I’m having trouble getting it to build locally to see what it’s going to look like and when I go to docs.fogproject.org I get a 403 error. I think that @Joe-Schmitt may have set some security up on that page on the fogproject domain while it was to be under construction. Maybe we should host it on the readthedocs domain until we get that figured out? That’s a setting in the readthedocs project that I can’t access.edit:
Figured out my build problems, so can at least browse it locally. Updated the readme with build instructions and added a make.ps1 for easier building. -
@JJ-Fullmer No, I’m not. I see the same as you, an nginx 403 page.
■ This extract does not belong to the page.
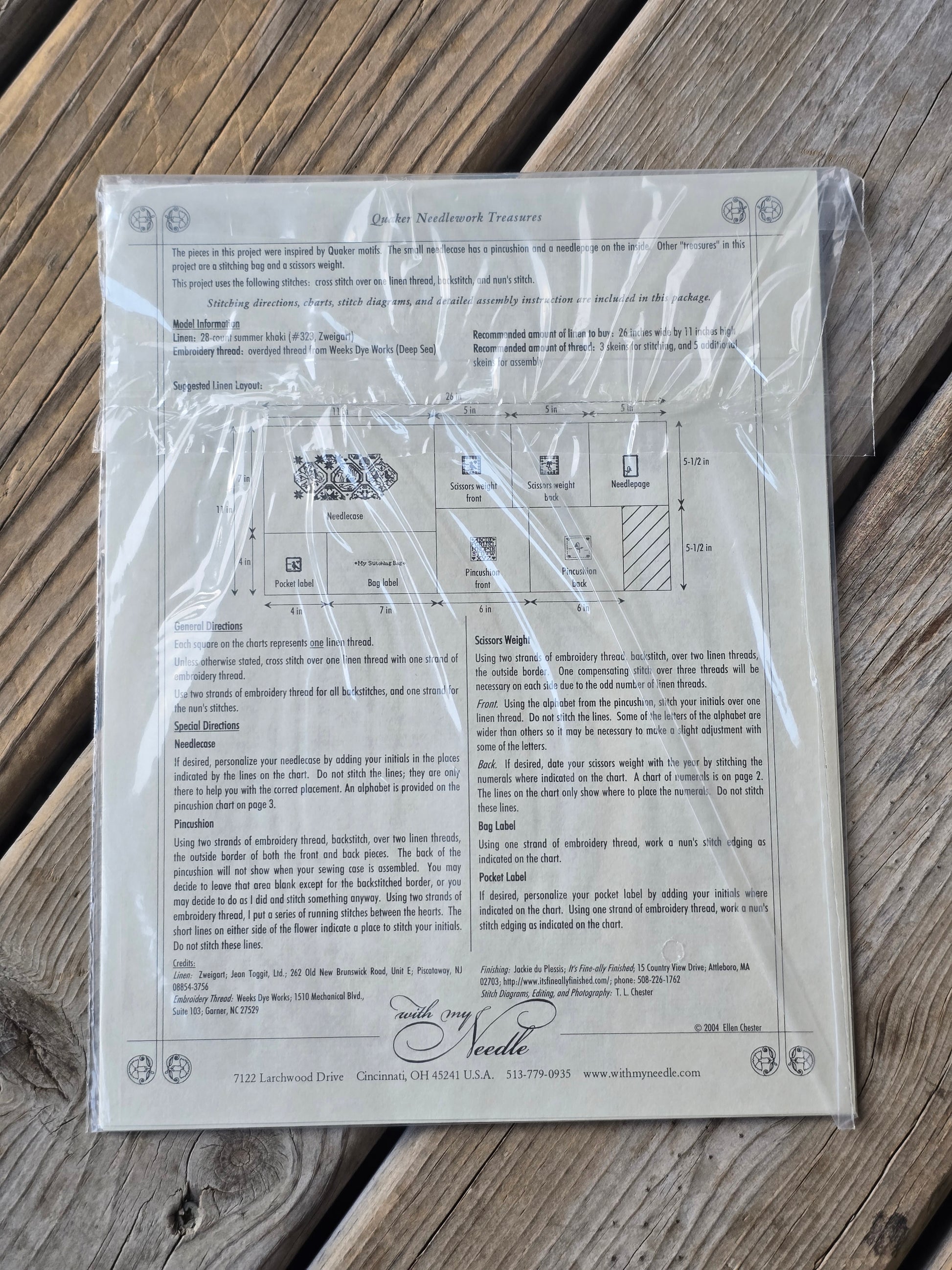Quaker Needlework Treasures cross stitch pattern. With My Needle 2004. Estate find. Like new in original package.

I think that for the domain fogproject.org a DNS CNAME record should be made:
docs.fogproject.org IN CNAME readthedocs.ioI have admin access to readthedocs and I have removed this domain temporary until the DNS is fixed. For now you can see the first results under https://fogproject.readthedocs.io
The initial structure is now in github and I think it is best if we spread the documentation across many files, as this decreases the chance of having merge conflicts when together working on the documentation.